Imaging live embryos (after temperature treatment)

Here we used 2 of the experimental temperature regimes used in the “Embryo lethality experiment” above, namely NN and EN. In short, we collected embryos at 24–25 °C (NN) or 29–30 °C (EN) for 1 h and then incubated the plate at the same temperature for another 2 h. Then, the embryos were bleached for 35–40 s, rinsed thoroughly with tap water, aligned with the dorsal side facing a 22 × 40 mm coverslip, covered with halocarbon oil, and immediately taken for microscopy. The embryos were recorded for at least 15 h, at 25 °C. Images were acquired on Leica SP8 DMi8 inverted confocal microscope using 20× glycerol objective (0.75NA), at 2 µm step-size in z, and a final x-y resolution of 0.568 µm/pixel. We recorded the time-lapse at 1 frame every 4 min and recorded up to 5 embryos in parallel.

Imaging live embryos (at various temperatures)

We used four temperature regimes. We collected embryos for 1 h either at normal temperatures (22–23, 24–25, or 27–28 °C) or elevated temperature (29–30 °C). Collections at 22–23 °C (22 °C imaging) were done in the fly incubator; 24–25 °C (25 °C imaging) on the bench; 27–28 °C (28 °C imaging) or 29–30 °C (29 °C imaging) in a water bath, with embryo collection plate bottom in thermal contact with the heated water. Then, the embryos are bleached for 35–40 s, rinsed with tap water at the collection temperature, aligned on a 25 mm diameter coverslip with the central part of the embryo facing the coverslip on lateral or ventrolateral region, covered with halocarbon oil, and immediately transferred to the temperature controller setup from Warner Instruments (QR-40LP holder on QE-1HC heater/cooler, coupled to LCS-1 liquid cooling and CL-100 bipolar temperature controller, precision of ± 0.1 °C), pre-equilibrated to the experimental temperatures (22, 25, 28 or 29 °C). For the data in Figs. 3–7, 10, S1–5, imaging was performed on Leica SP5 DMI6000CS inverted confocal microscope using 40×/1.1 NA water objective, 1× digital zoom, 2 µm z-steps (20 planes), and 0.379 µm/pixel x-y resolution; acquiring images at 1 frame every 30 s, 1 min, or 2 min depending on whether 1, 2, or 3–4 embryos were recorded in parallel. For the data in Figs. 8 and 9, the imaging was performed on Zeiss LSM 700 inverted confocal microscope using 63×/1.2 NA water objective, 0.5× digital zoom, 2 µm z-steps (12 planes), and 0.198 µm/pixel x-y resolution; acquiring images at 1 frame every 30 s or 1 min depending on the signal strength for the genotype.

Imaging fixed embryos

We collected embryos for 3–4 h either at 24–25 °C (normal temperature) or 29–30 °C (elevated temperature). Collections at 24–25 °C were done on the bench top; 29–30 °C done in a water bath, with embryo collection agar plate bottom in thermal contact with the heated water. Then, the embryos were bleached for 40–45 s, rinsed with tap water, and fixed immediately. We only image and analyze the embryos that are before the gastrulation stage. We performed two types of experiments; one, whole-embryo nuclear imaging (Fig. 2); and two, half-embryo imaging of nuclei and F-actin (Fig. S6), using distinct fixation/staining protocols.

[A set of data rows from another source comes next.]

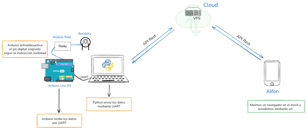 En el computador estará corriendo un Script en Python encargado de consultar la API Rest mediante GET y enviar los datos recibidos hacia Arduino mediante UART.
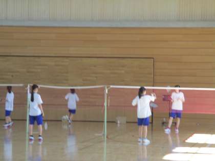 バドミントン部は、今日は体育館で練習しています。
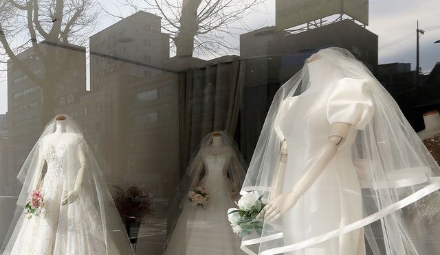 한 웨딩타운 드레스샵에 웨딩드레스가 전시돼 있다. 기사 이해를 돕기 위한 자료 사진 / 뉴스1
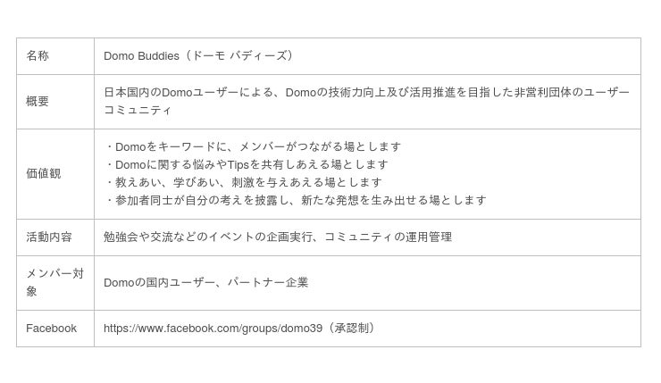 Domoウェブサイトにてリリースをご覧ください:https://www.domo.com/jp/news/press/domo-community-japan-domobuddies
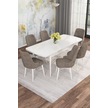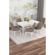 Mona Beyaz 80x132 Açılabilir Mdf Masa Yemek Odası Takımı, Mutfak Takımı 6 Adet Sandalye Beyaz Masa - 6 Cappuccino - Beyaz Ayak

Whole-embryo nuclear imaging: we used heat fixation and stained the embryos with DRAQ5. Briefly, we transferred the processed embryos to 50 ml tubes, drained the excess water, added the boiled-to-turbidity heat-fix solution (28% 500 µl NaCl + 5% 200 µl TritonX100 + 19.3 ml water), incubated for ~20 s with thorough mixing, and then immediately added water to cool down the mixture. Then, we transferred the fixed embryos to 2 ml microfuge tubes, sequentially added n-heptane and methanol in equal proportions, vigorously shook for ~30 s to remove the vitelline membrane, and washed 3× with methanol. We started the staining immediately after (though long-term methanol storage is possible). The embryos were rehydrated with PBT (0.01% solution of Tween20 in PBS, 3 washes), stained with 1:1000 DRAQ5 for 1-h, washed 6× with PBT, re-suspended in 3:1 glycerol:PBS solution, and mounted between 2 rectangular coverslips, with spacing optimized to immobilize the embryos w/o deforming them. Then we imaged the embryos through both coverslips and the two halves stitched in image analysis (see below). Images acquired on Leica SP8 DMi8 inverted confocal microscope using 20×/0.75 NA glycerol objective, 1.15× digital zoom, 1 µm z-step, and 0.247 µm/pixel x-y resolution.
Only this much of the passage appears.